2. The intelligent hardware automatic programming and testing cycle device according to claim 1, characterized in that, The circulating discharge mechanism (4) further includes a synchronous feeding component, which is installed on the left rear side of the frame (1).
3. The intelligent hardware automatic programming and testing cycle device according to claim 2, characterized in that, The synchronous feeding assembly includes a pusher cylinder (46) and a transverse pusher plate (47). Multiple pusher cylinders (46) are fixedly installed on the left rear side of the frame (1). The transverse pusher plate (47) is fixedly installed on the output end of the pusher cylinder (46). The output end of the pusher cylinder (46) faces the direction of the vertical circulating container (41).
4. The intelligent hardware automatic programming and testing cycle device according to claim 3, characterized in that, The synchronous feeding assembly further includes a material collection assembly, which is installed on the left side of the frame (1).

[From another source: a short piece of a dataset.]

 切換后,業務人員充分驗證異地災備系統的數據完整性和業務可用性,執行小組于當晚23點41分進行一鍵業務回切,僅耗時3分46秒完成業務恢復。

5. The intelligent hardware automatic programming and testing cycle device according to claim 4, characterized in that, The first belt conveyor (6) is fixedly installed on the left rear side and the right rear side of the frame (1).
6. The intelligent hardware automatic programming and testing cycle device according to claim 5, characterized in that, The WiFi testing mechanism (3) includes a vertical support (31) and WiFi testing terminals (32). The vertical support (31) is fixedly installed on the left rear side of the frame (1), and multiple WiFi testing terminals (32) are fixedly installed on the vertical support (31).

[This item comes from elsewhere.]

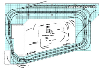 解答のレイアウトスペースは右の通り。オーディオプレーヤーとテレビの後を経由し、オーディオラックの左から複線ループと単線ループを結ぶ連絡線を敷いていたボードへ橋渡しし、大きなループ線を本線としようというたくらみです。 |

7. The intelligent hardware automatic programming and testing cycle device according to claim 6, characterized in that, The automatic burning mechanism (2) includes: a second belt conveyor (21) and an automatic burning terminal (22). The second belt conveyor (21) is fixedly installed on the left front side of the frame (1). The output end of the second belt conveyor (21) is close to the input end of the first belt conveyor (6). The two automatic burning terminals (22) are fixedly installed on the left front side of the frame (1) by brackets.
8. The intelligent hardware automatic programming and testing cycle device according to claim 7, characterized in that, The re-inspection mechanism (5) includes: a third belt conveyor (51), a feeding cylinder (52) and a feeding plate (53). The third belt conveyor (51) is fixedly installed on the right front side of the frame (1). The feeding cylinder (52) is fixedly installed on the middle side of the outer shell of the third belt conveyor (51) by a bracket. The feeding plate (53) is fixedly installed on the output shaft of the feeding cylinder (52). Multiple automatic burning terminals (22) are fixedly installed on the outer shell of the third belt conveyor (51) by a bracket.

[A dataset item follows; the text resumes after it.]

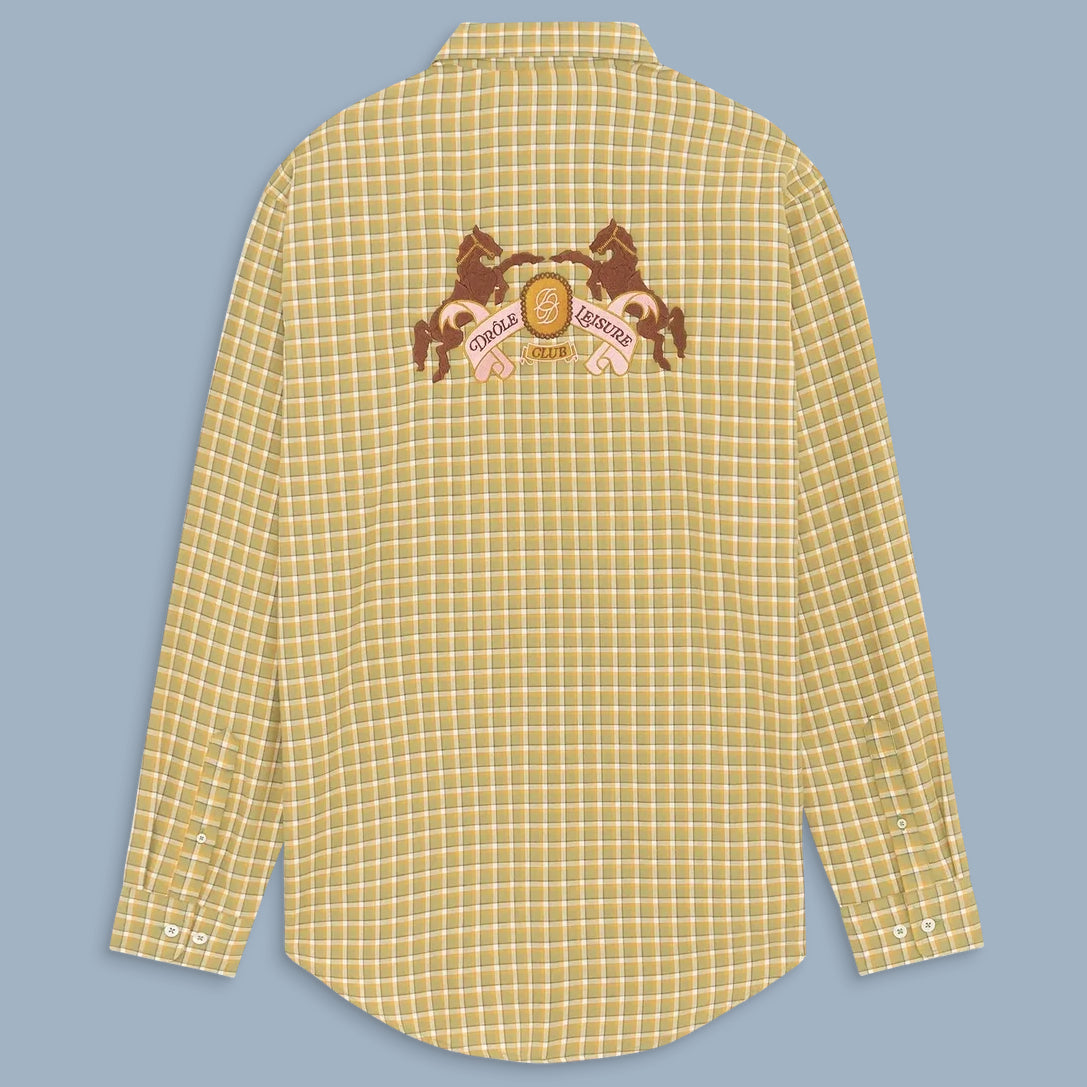 Drôle De Monsieur checkered shirt in kaki. Made in Portugal, of 94% organic cotton, and 6% kapok.

9. The intelligent hardware automatic programming and testing cycle device according to claim 8, characterized in that, The re-inspection mechanism (5) further includes: a detection component, which is installed on the right side of the third belt conveyor (51). The detection component includes: a fourth belt conveyor (54) and a wireless communication test device (55). The fourth belt conveyor (54) is fixedly installed on the right side of the third belt conveyor (51). Multiple wireless communication test devices (55) are fixedly installed on the upper side of the outer shell of the fourth belt conveyor (54) by brackets.
10. The intelligent hardware automatic programming and testing cycle device according to claim 9, characterized in that, The detection component further includes a material distribution component, which is installed on the left side of the fourth belt conveyor (54). The material distribution component includes a second slide cylinder (56), an inclined plate (57), and a fifth belt conveyor (58). The second slide cylinder (56) is fixedly installed on the outer shell of the fourth belt conveyor (54) by a bracket. The inclined plate (57) is fixedly installed at the output end of the second slide cylinder (56). The fifth belt conveyor (58) is fixedly installed on the right side of the fourth belt conveyor (54).